Gastroenterology Coding Alert

Reader Question:

Consult Prior to Screening Colonoscopy

Question: Which ICD-9 code should be used to report a consultation performed prior to a screening colonoscopy? We are doing a specialty-specific comprehensive history and physical prior to the procedure, always on a separate date. We complete a comprehensive history and specialty-specific physical exam along with detailed informed consent discussion. Our nurses then typically spend an additional 10-15 minutes discussing prep, risks, obtaining consent signature, etc.

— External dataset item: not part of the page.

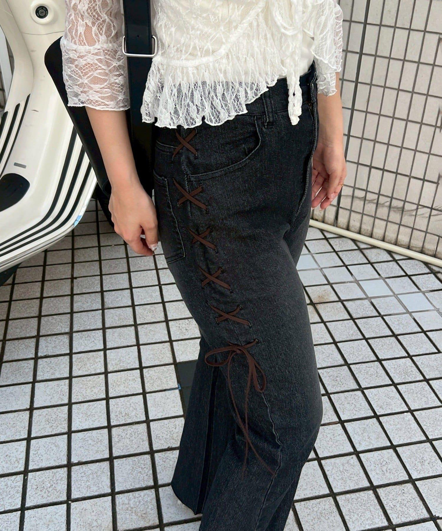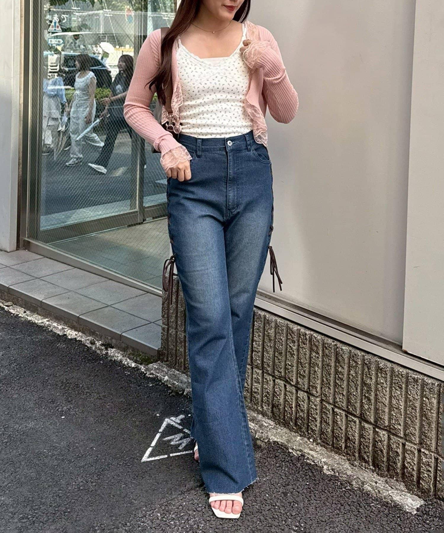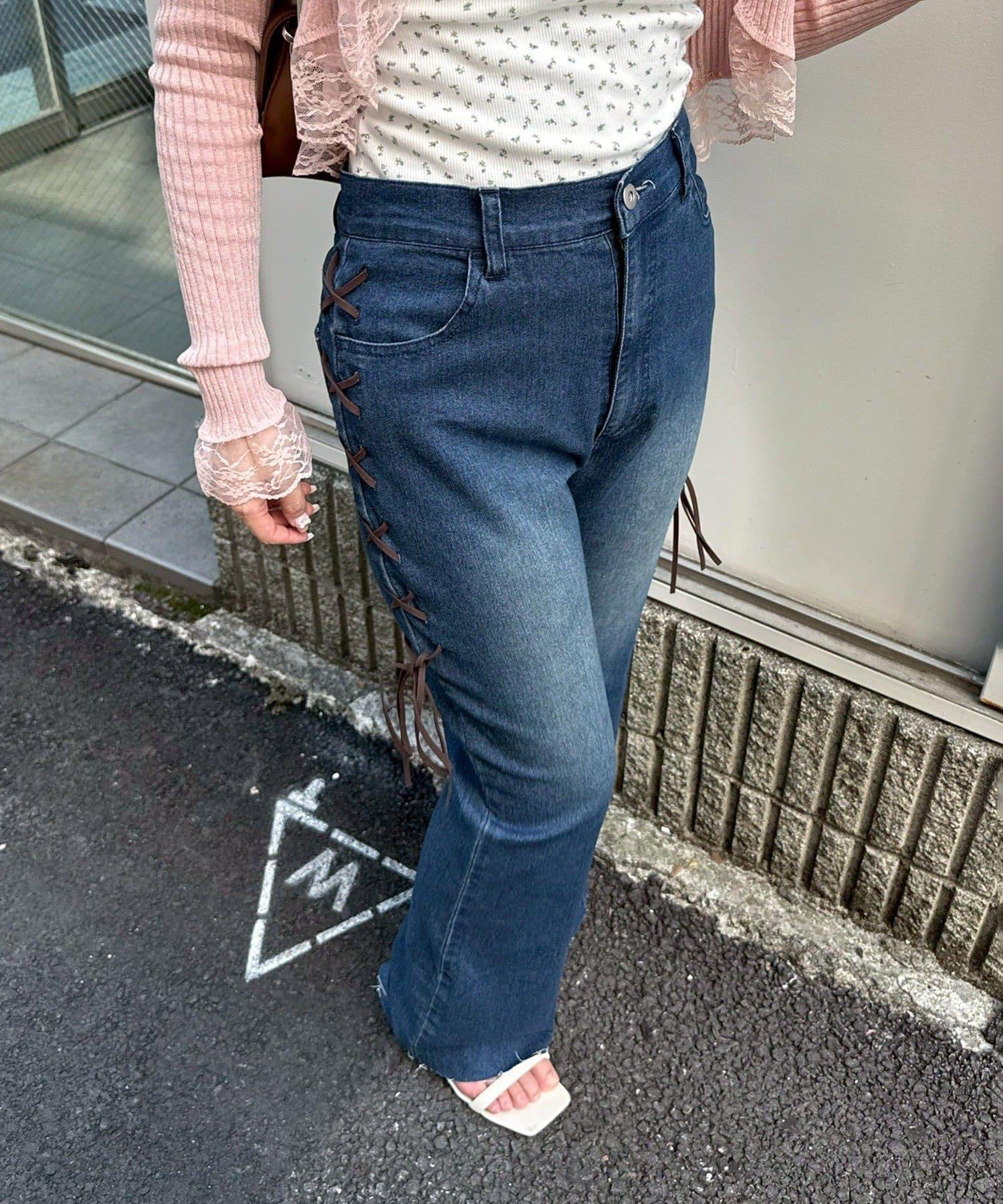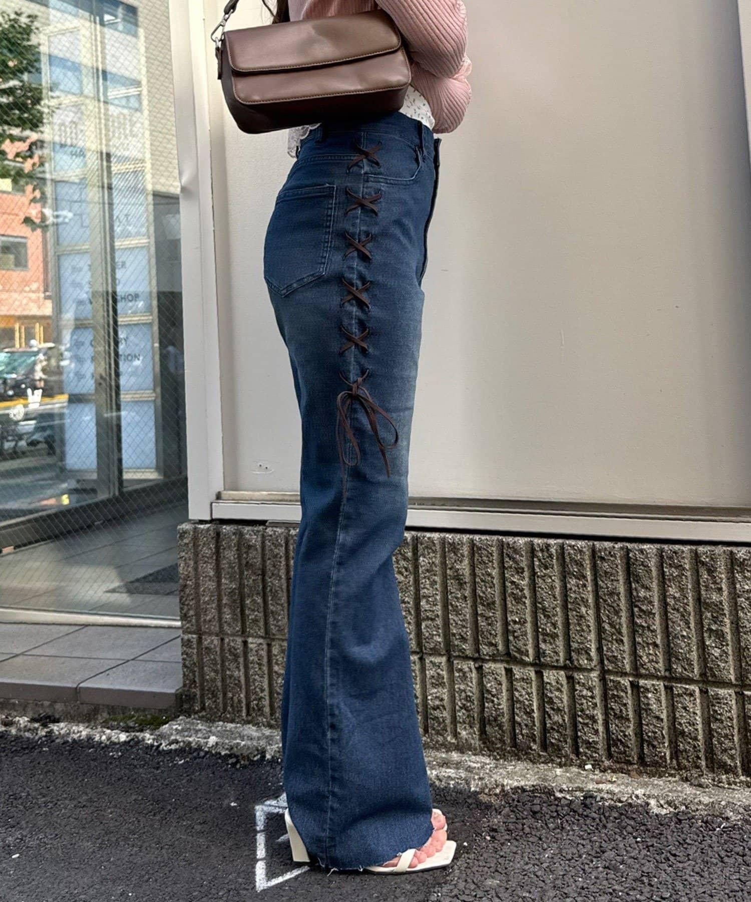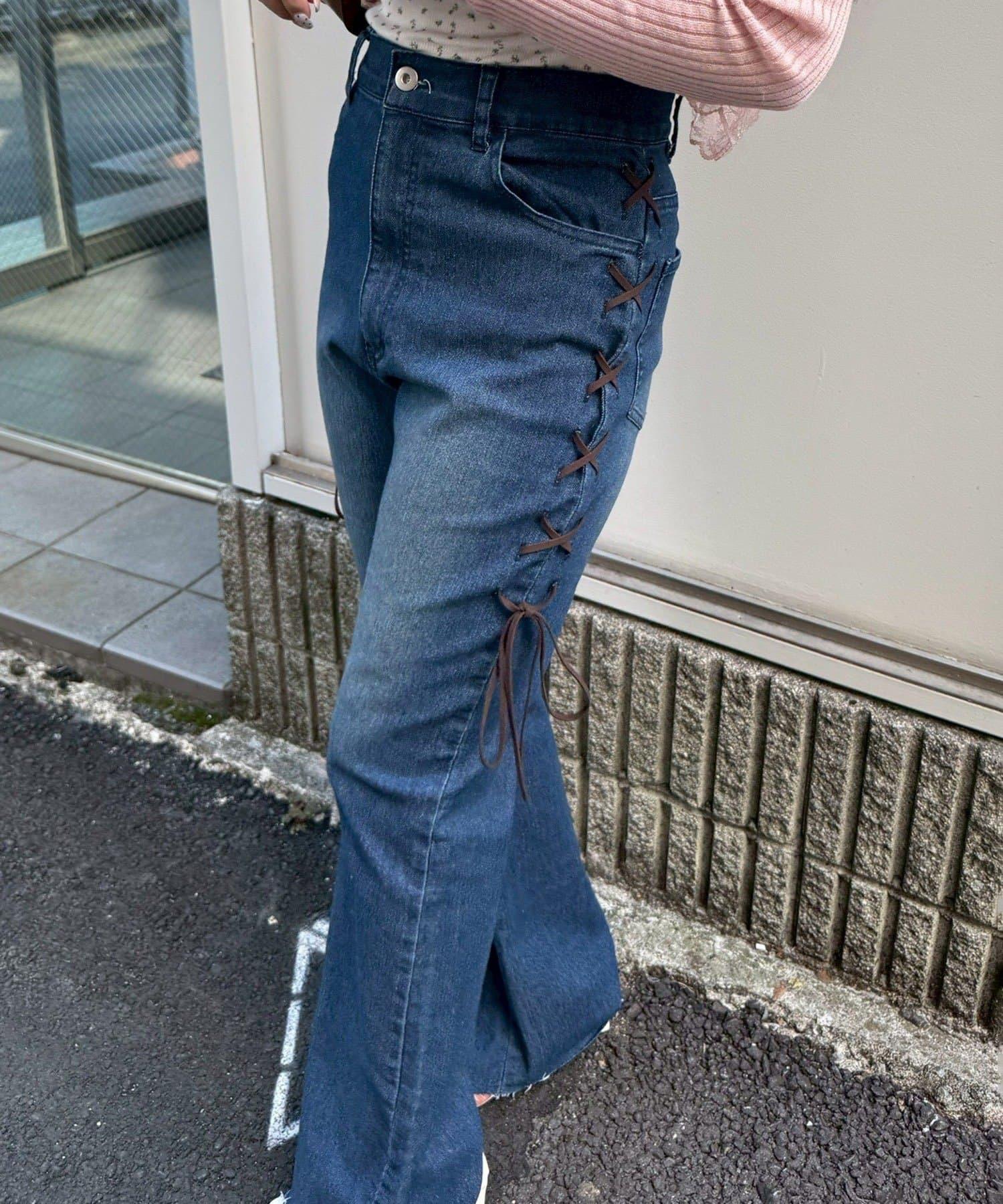【可甜美穿搭的牛仔褲!】側邊繫帶喇叭褲

Usually we can elicit at least some gastrointestinal problem during the interview or exam, but occasionally there is absolutely nothing.
Nevada Subscriber
Answer: If the patient has no gastrointestinal signs or symptoms, you should use diagnosis code V76.51 (special screening for malignant neoplasms, colon). Don't expect to get reimbursed for the consultation, however, even though it appears you are doing a thorough workup of the patient. 
In general, Medicare does not pay for preventive services. Neither do most commercial insurers. Medicare's coverage of screening colonoscopies and flexible sigmoid-oscopies is the exception to that rule, but it will not cover the office visit that most gastroenterologists require before they perform the screening procedure. 
Many gastroenterologists have the patient sign a waiver acknowledging financial responsibility for the consultation. When the patient calls to set up the office visit, he or she is informed that consultation is not a covered service, and that he or she must pay for it.